→ Source records:
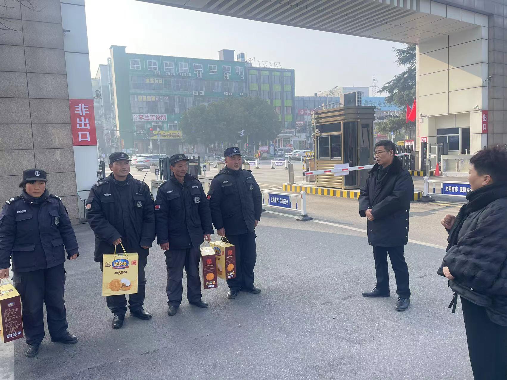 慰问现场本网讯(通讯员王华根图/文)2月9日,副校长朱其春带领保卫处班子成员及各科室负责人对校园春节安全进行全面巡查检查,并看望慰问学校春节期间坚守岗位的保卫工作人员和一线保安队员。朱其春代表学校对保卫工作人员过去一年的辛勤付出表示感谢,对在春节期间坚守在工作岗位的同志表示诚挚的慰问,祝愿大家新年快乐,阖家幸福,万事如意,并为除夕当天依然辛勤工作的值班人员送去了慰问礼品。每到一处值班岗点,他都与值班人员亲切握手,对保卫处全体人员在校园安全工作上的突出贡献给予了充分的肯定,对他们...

---

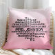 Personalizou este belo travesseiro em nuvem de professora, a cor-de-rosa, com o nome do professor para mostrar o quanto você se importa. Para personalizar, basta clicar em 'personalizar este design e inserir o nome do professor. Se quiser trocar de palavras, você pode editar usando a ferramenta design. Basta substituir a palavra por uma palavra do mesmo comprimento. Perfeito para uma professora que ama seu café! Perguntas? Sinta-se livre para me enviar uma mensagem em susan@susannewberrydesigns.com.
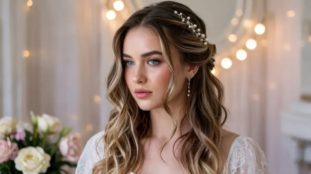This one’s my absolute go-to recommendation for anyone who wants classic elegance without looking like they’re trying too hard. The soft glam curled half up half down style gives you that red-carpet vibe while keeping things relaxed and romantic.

→ Work order:
Word for word, restate the lines above from the one with "Personalizou este belo" through the one with "This one’s my", keeping both ends and dropping the pictures.

→ Your solution:
 Personalizou este belo travesseiro em nuvem de professora, a cor-de-rosa, com o nome do professor para mostrar o quanto você se importa. Para personalizar, basta clicar em 'personalizar este design e inserir o nome do professor. Se quiser trocar de palavras, você pode editar usando a ferramenta design. Basta substituir a palavra por uma palavra do mesmo comprimento. Perfeito para uma professora que ama seu café! Perguntas? Sinta-se livre para me enviar uma mensagem em susan@susannewberrydesigns.com.
This one’s my absolute go-to recommendation for anyone who wants classic elegance without looking like they’re trying too hard. The soft glam curled half up half down style gives you that red-carpet vibe while keeping things relaxed and romantic.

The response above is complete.